Zespół badawczy zaprezentował QuantFlow - probabilistyczne framework do prognozowania szeregów czasowych, które łączy nowoczesną architekturę state-space (Mamba) z federated learning i regresjąą kwantylową. Model pracuje bez dostępu do scentralizowanych danych, co czyni go użytecznym dla aplikacji wymagających wysokiego poziomu prywatności.

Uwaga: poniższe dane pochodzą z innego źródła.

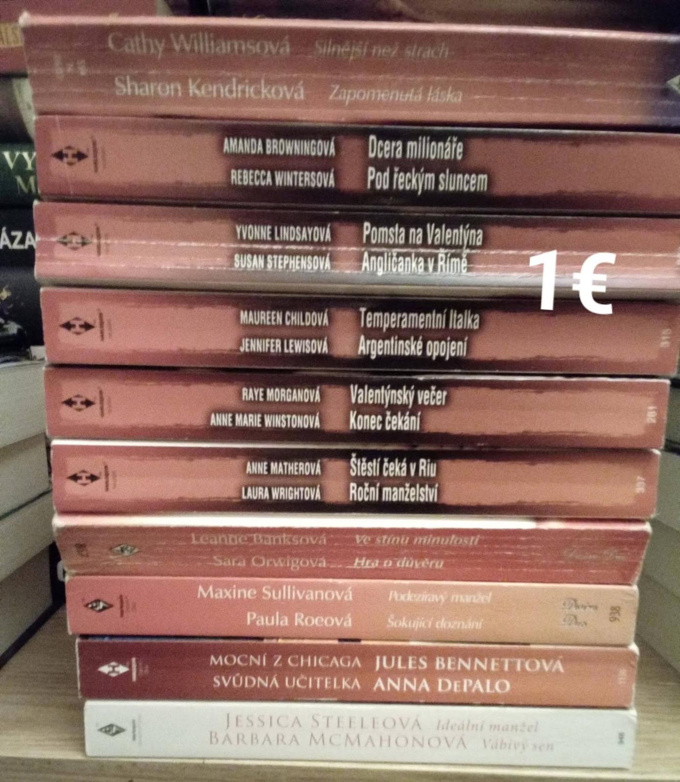 Pozri všetky fotky,je tam 15 foto kníh na predaj. Ceny sú uvedené na každej fotke. Väčšina kníh nové,1x čítané..
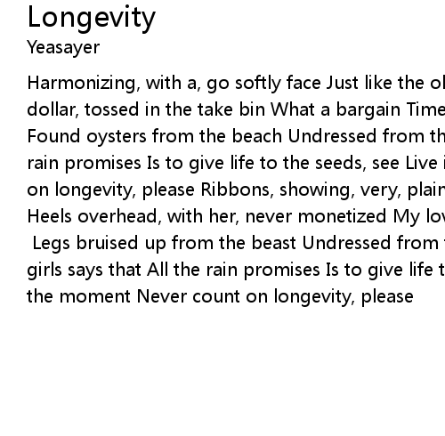 Harmonizing, with a, go softly face Just like the old days Golden, seaplane, dollar, tossed in the take bin What a bargain Time will bear the yellow knife Found oysters from the beach Undressed from the waist My girl says that All the rain promises Is to give life to the seeds, see Live in the moment Never count on longevity, please Ribbons, showing, very, plainly on her skin Okay i want in Heels overhead, with her, never monetized My lovely space case The time done in bed with she [?] Legs bruised up from the beast Undressed from the waist My girls says that All the rain promises Is to give life to the seeds, see Live in the moment Never count on longevity, please |
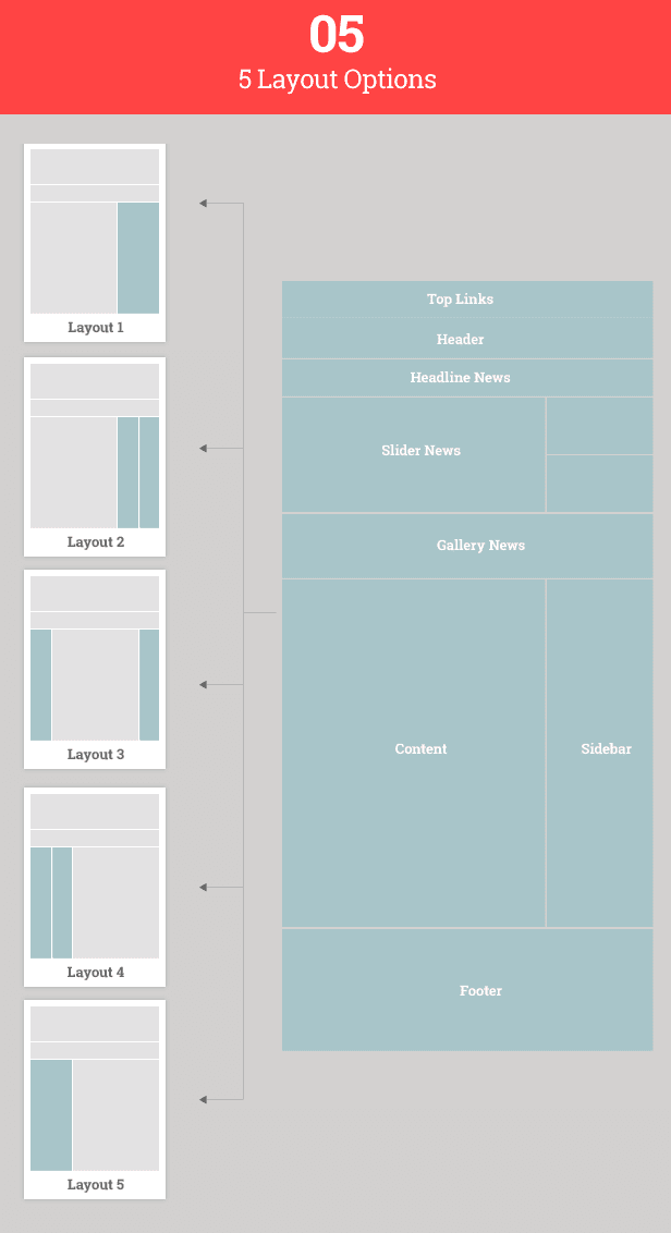 You can choose from 5 different layout options. You can also choose for wide or boxed layout.
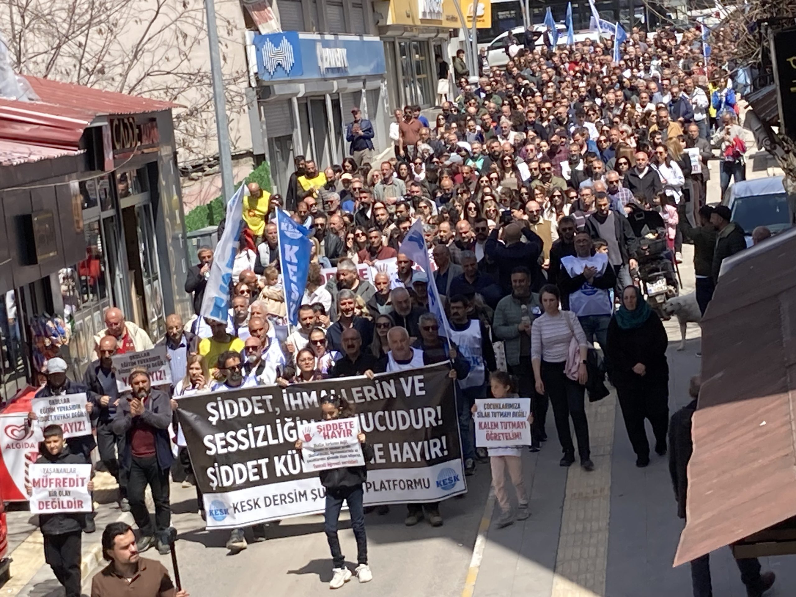 Şanlıurfa Siverek’teki okul saldırısının üzerinden henüz 24 saat geçmeden Kahramanmaraş Ayser Çalık Ortaokulu’ndan gelen katliam haberi, tüm ülkede olduğu gibi Dersim’de de kaygı yarattı. KESK Dersim Şubeler Platformu öncülüğünde bir araya gelen yüzlerce kişi, Sanat Sokağı’ndan Seyit Rıza Meydanı’na kadar sloganlarla yürüyerek eğitimde artan şiddet iklimine “Yeter artık!” dedi.
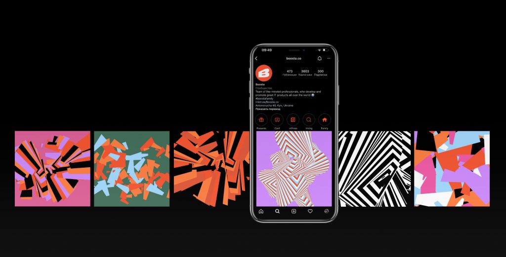 Тепер у Boosta більше мільйона різних патернів, які можна легко створити лише в кілька кліків. На платформі генерування необхідно налаштувати величину фігур, їхню кількість і відстань між ними, бажані кольори, фон та провести стрілкою по екрану. Усе – новий унікальний патерн готовий!

Kluczową innowacją QuantFlow jest zastosowanie bidirectionalnych dekoderów Mamba zamiast attention-based Transformerów. Każda zmienna czasowa jest osadzana na całym oknie obserwacji, przetwarzana w obu kierunkach i rzutowana na pięć warunkowych kwantyli, co pozwala oszacować niepewność predykcji. Technika TSMixup zwiększa różnorodność danych treningowych przez interpolację ważoną rozkładem Dirichleta, zachowując strukturę sekwencji. Framework przeszedł obszerny test na danych kryptografia, ruchu ulicznego, zużycia energii, temperatury transformatorów, grypy i pogody.
Wyniki pokazują, że QuantFlow uzyskuje MSE 0.2834 na benchmarku ETTm1 i 0.2218 na Weather. Kluczowym osiągnięciem jest scenariusz 20-klientowy z niestandardowym rozkładem danych (non-IID) - po zaledwie trzech rundach komunikacji model zachowuje użyteczną dokładność bez centralizacji surowych rekordów. Badacze zauważają też ograniczenia: model ma trudności z nieregularnymi sygnałami epidemiologicznymi i prognozowaniem na dłuższe horyzonty czasowe, co wskazuje kierunki dla przyszłych badań.